Теперь он был постоянно занят рукописью, которую он достал из таинственной шкатулки, содержащей Трактат о разводе, и которой он каждый день посвящал несколько часов. Очень довольный рядом аргументов, которые он только что нашел, он пришел сообщить их Уолси. Последний, после того как выдвинул несколько возражений, наконец напомнил ему о мошеннических и настойчивых средствах, которые были использованы, чтобы извлечь из Оксфордского университета мнение, благоприятное для развода. «И все же, — добавил кардинал, — оказалось невозможным предотвратить их от увеличения числа самых важных ограничений и, таким образом, сделать ваше дело чрезвычайно трудным, если не совсем безнадежным».

«Что! — сказал король. — После хорошего примера Кембриджского университета, мы все еще должны сталкиваться с сомнениями? Подумай об этом хорошо, кардинал, чтобы не забыть о вознаграждении, и, прежде всего, о наказании, ибо это истинный секрет успеха! Ты также позаботишься написать курфюрсту Фридриху и сказать, что я жду получения смиренных извинений того человека Лютера, которого он взял под свою полную защиту».

«Сир, — ответил кардинал, — я получал частые известия по поводу этого дела, которые я едва осмеливался сообщить вам».

«А почему нет? — потребовал король. — Ты полагаешь, милорд кардинал, что оскорбления безвестного и беспокойного монаха могут затронуть меня? И кроме того, по правде говоря, я не знаю, не может ли этот человек, в конце концов, быть полезен мне. Он привлек внимание римского двора и, возможно, еще должен будет просить моей защиты».

«Что ж, сир, раз вы принуждаете меня говорить, я скажу вам, что, далеко от того, чтобы приносить смиренные извинения, его ярость против вас удвоилась. Я только что получил трактат, который он недавно опубликовал. В нем я нахожу много мест, где, говоря о вас, он использует самые оскорбительные эпитеты и выражения. Например, он неоднократно заявляет, что ваше величество «есть дурак, осел и сумасшедший», что вы «грубее свиньи и глупее осла». Он говорит с равной сквернословием о нашем Святом Отце Папе, обращаясь к нему, в терминах самого беспримерного нахальства, с этим мнимым предупреждением, которое, конечно, предназначено просто как оскорбление: «Мой маленький Павел, мой маленький Папа, мой молодой осел, ступай осторожно — здесь очень скользко — ты можешь упасть и сломать себе ноги. Ты обязательно ушибешься, и тогда люди скажут: «Что, черт возьми, это значит? Маленький Папа ушибся»». Далее я нахожу это нелепое сравнение, которое могло исходить только из подлого и бесстыдного пера: «Осел знает, что он осел, камень знает, что он камень, но эти ослы-папы не способны признать себя ослами». Он заключает, наконец, этими словами, которые наполняют меру его нечестия и деградации: «Если бы я был правителем империи, я бы сделал связку из Папы и его кардиналов и бросил их всех вместе в тот маленький пруд, Тосканское море. Я даю свое слово, что такая ванна восстановила бы их здоровье, и я ручаюсь Иисусом Христом как своей гарантией!»»

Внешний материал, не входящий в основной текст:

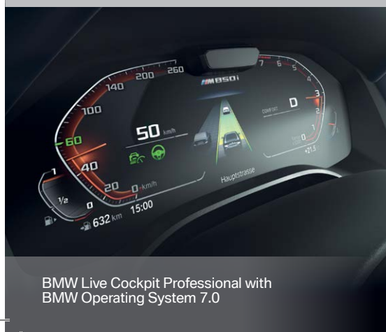
BMW Live Cockpit Professional with BMW Operating System 7.0
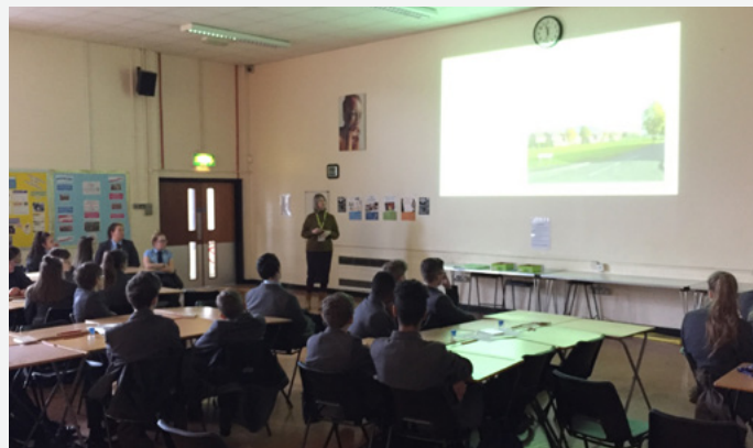
Students at Beaufort Co-operative Academy

On December 15th Kevin Murray Associates, with help from GCH ran a 'Shaping the future' school session for two Geography classes at Beaufort Co-operative Academy. The students were asked to think about Podsmead today and reflect on what they considered to be the weaknesses in their neighbourhood. Having identified any weaknesses they were asked to agree 3 issues that were a priority to be addressed. With these 3 priority areas in mind, the students designed and wrote postcards from the future representing Podsmead in 2030, once the improvements had taken place. Working with the next generation of residents helps to get them thinking about and involved in a real-life 'place-making', improving a neighbourhood they want to continue living in or move to when they're older. The children were really enthusiastic, coming up with lots of useful ideas for what they'd like to see happen and what it might look like.
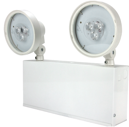
Shown with REN2 LED Lamps
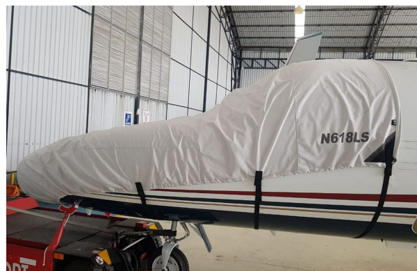
Citationjet 525B Cockpit/Nose Cover
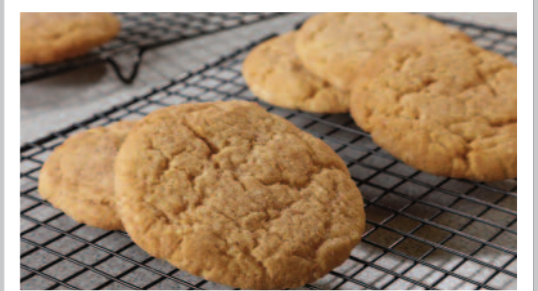
Snicker Doodle Biscuit

AVAILABLE DAILY – UNLIMITED SALAD, FRESHLY BAKED BREAD, FRUIT YOGHURT, FRESH FRUIT PLATTER & CHILLED WATER. FOR ALLERGEN INFORMATION, PLEASE ASK ONE OF OUR CATERING TEAM. ALL THE ABOVE DISHES ARE SUBJECT TO AVAILABILITY.
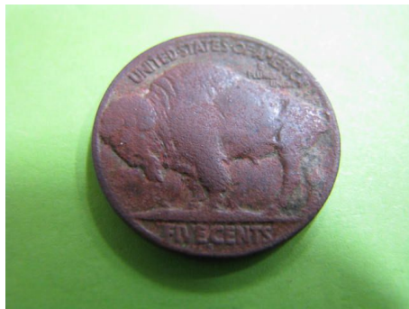
2nd - Brett Johnson 1918 Buffalo 5 Cent
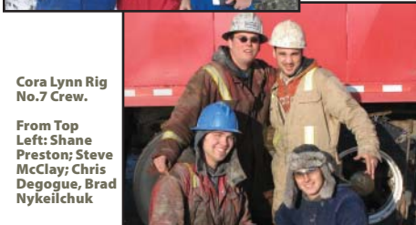
Cora Lynn Rig No.7 Crew.
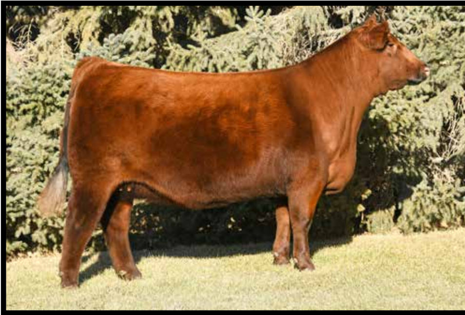
ROJAS NAVARRE 6054 DAM OF LOT 28
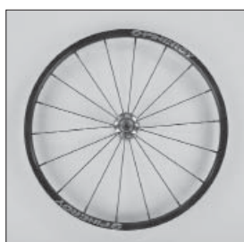
MG 10 Spinerger SPOX
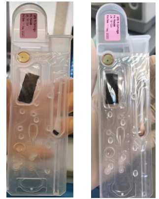
Figure 3: RapidHIT ID Sample Cartridge
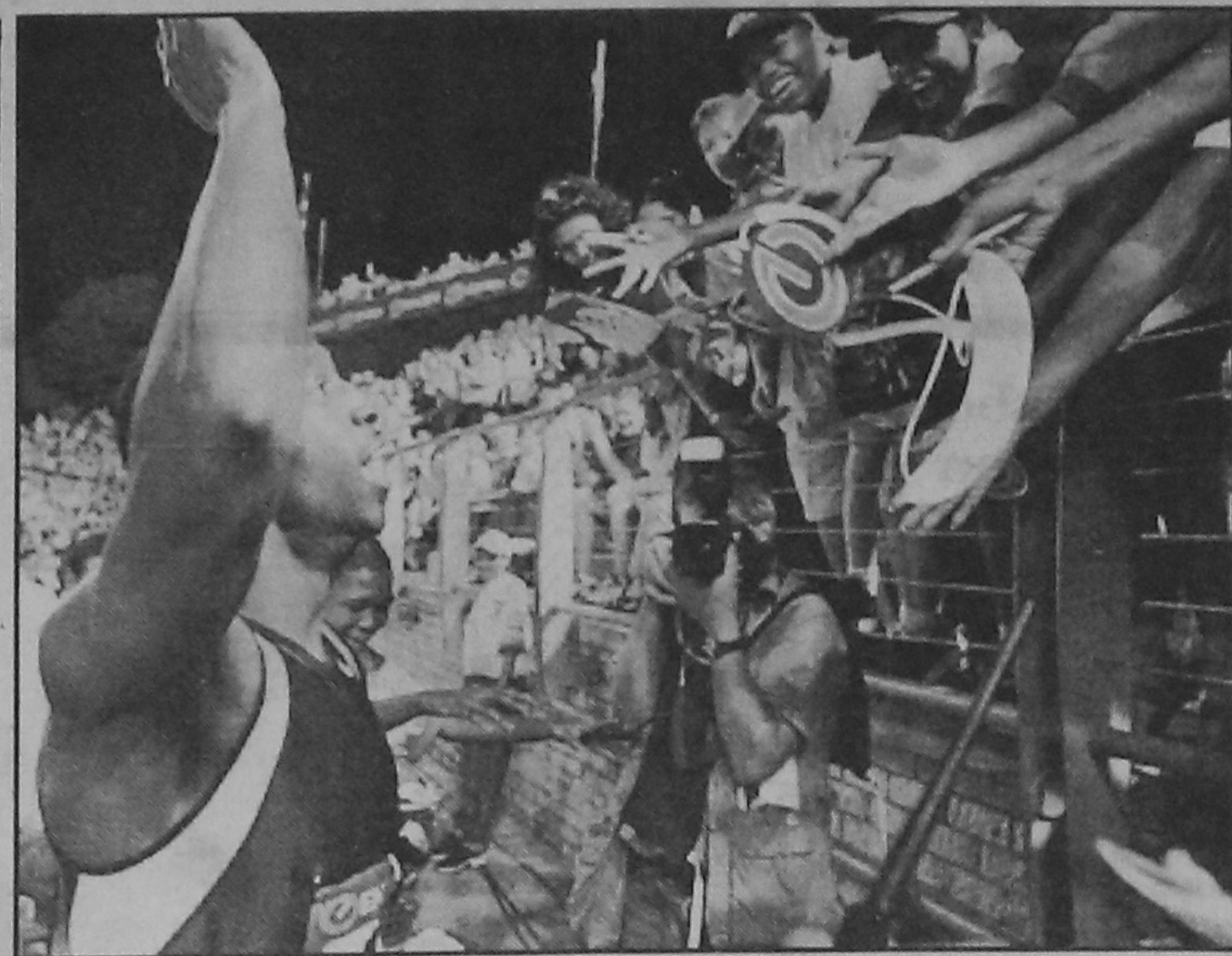
American Michael Johnson greets the crowd at the Pilditch Arena in Pretoria on March 24. He set a new record in the 300 metres clocking 30.85 seconds.
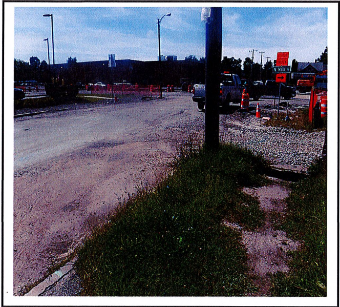
Sediment on W. third street needs to be swept up and disposed of properly.
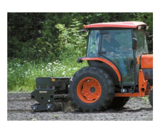
Turn your tractor into a turf and landscape seeding machine.

The Landscape Seeder, a bi-directional seeder, is built to handle all turf and landscape seeds. Grass seed is a very expensive commodity. Notched rollers properly place the grass seed in the top 1/2" of a properly prepared seedbed, resulting in maximum seed germination. Seedbed is left smooth and firm with small stones pressed down. Because of this precision placement seeding rates can be reduced up to half of the rates previously used.
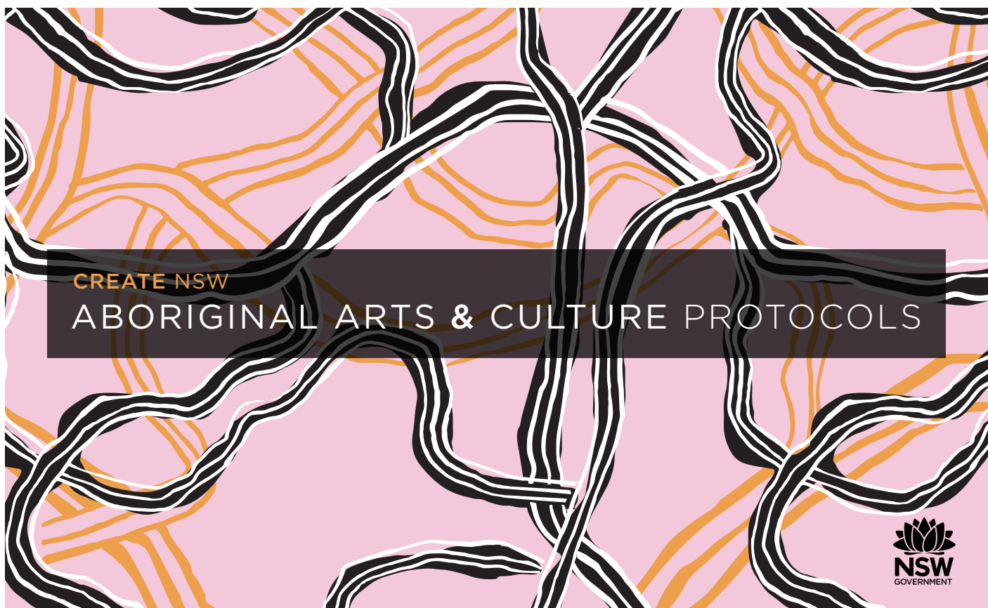
Cover of the Create NSW Aboriginal Arts & Culture Protocols featuring Warruwl by Lucy Simpson.
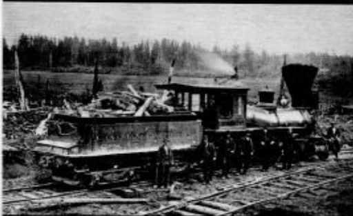
Locomotive #1 "Yale" c.1882

Romaine tossed with creamy garlic Caesar dressing, croutons and parmesan cheese. Served with garlic toast. $12 - Add chicken for $6 -
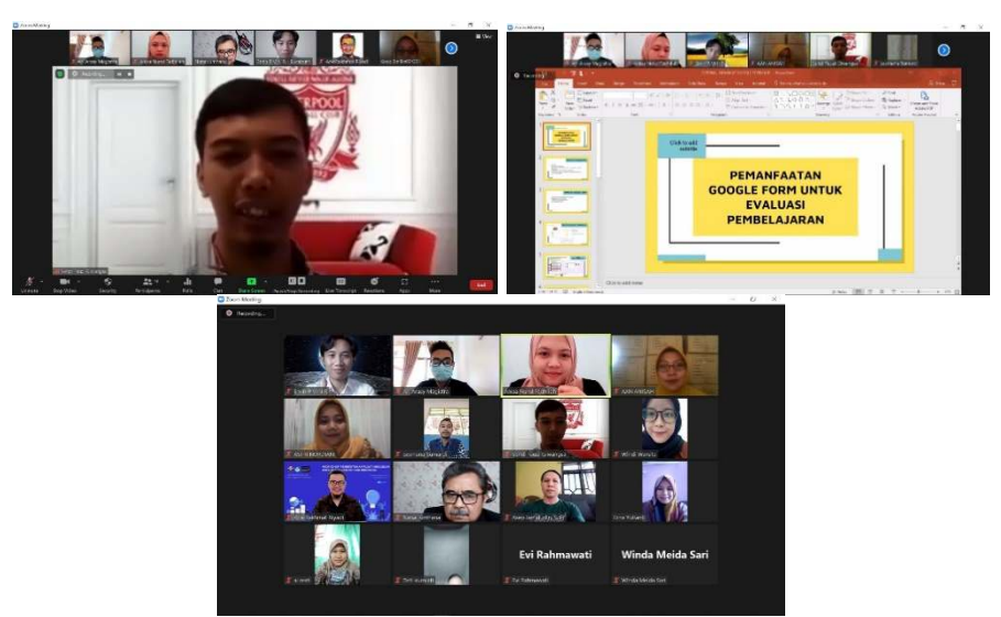
Figure 1. Training Implementation
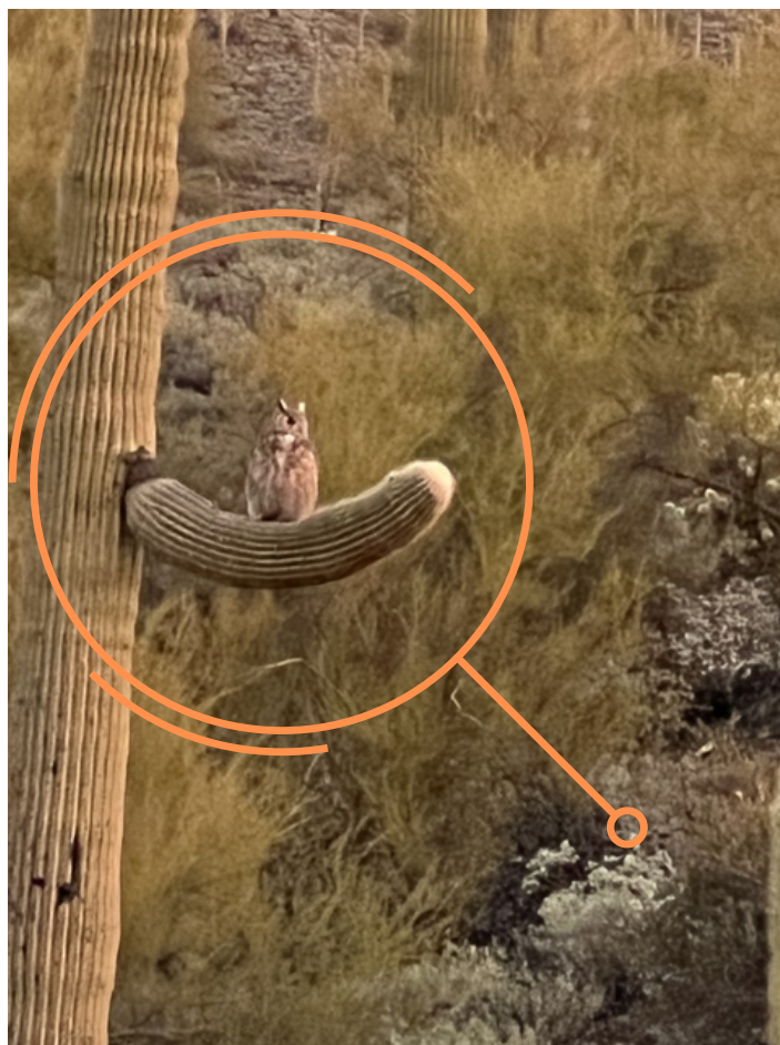
One of the locals enjoying a Carefree morning
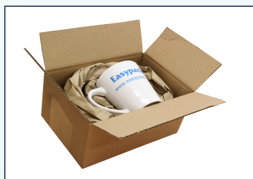
Paper cushioning & void fill

Pregis offers an array of paper, poly and air solutions to provide the right prescription of cushioning and containment to protect and enhance the value of your diverse product lines. We also design our packaging with mother nature in mind, offering materials with recycled content and recyclability to support your sustainability goals – and your customers.
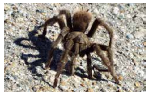
Fig. 9: In October, male tarantulas can be seen on the road searching for females.
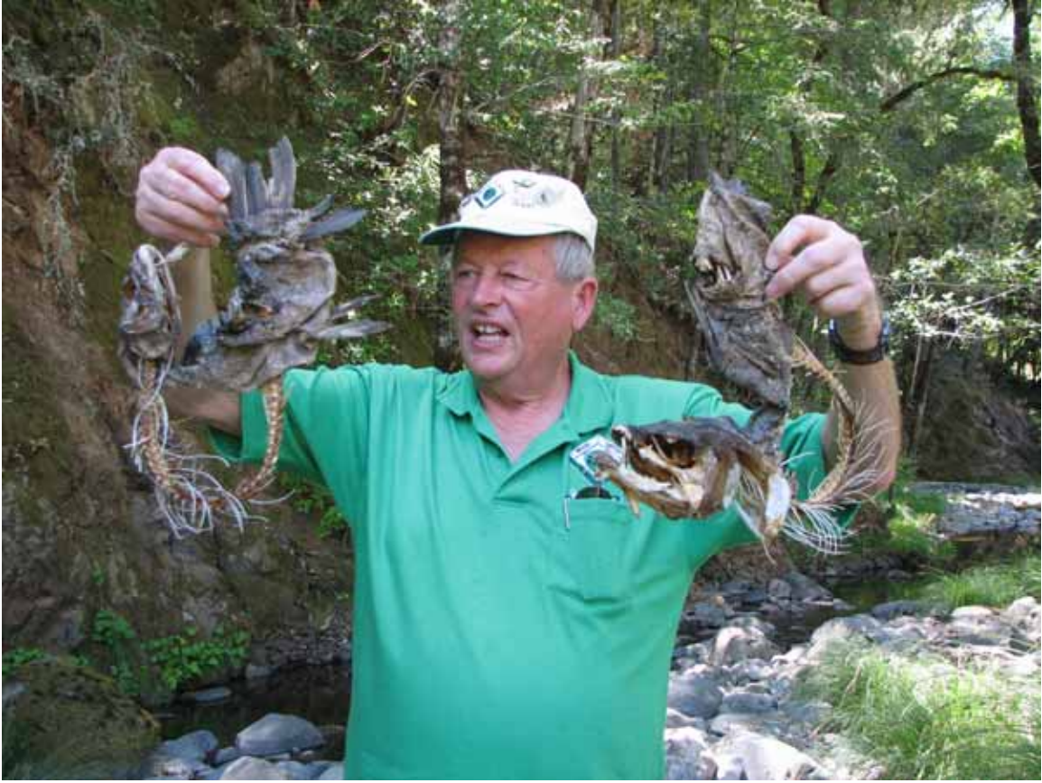
Exhibit I – Steelhead eaten by vultures in Mark West Creek because of extremely low water level last winter (07/08).

«Какое страшное богохульство! — крикнул Генрих. — Мог ли христианин предположительно произнести такие абсурдные, богохульные вульгарности? Не думаю! Этот мнимый «реформатор» «дисциплины и злоупотреблений церкви» кажется, обладает любым, кроме евангельского, характером. Никто не может сомневаться в его божественной миссии и его христианском милосердии! Человек, который использует аргументы, подобные этим, слишком подл и слишком презренен, чтобы о нем снова упоминалось в моем присутствии. Пусть я больше не услышу об этом невыносимом отступнике! Продолжайте теперь с делами».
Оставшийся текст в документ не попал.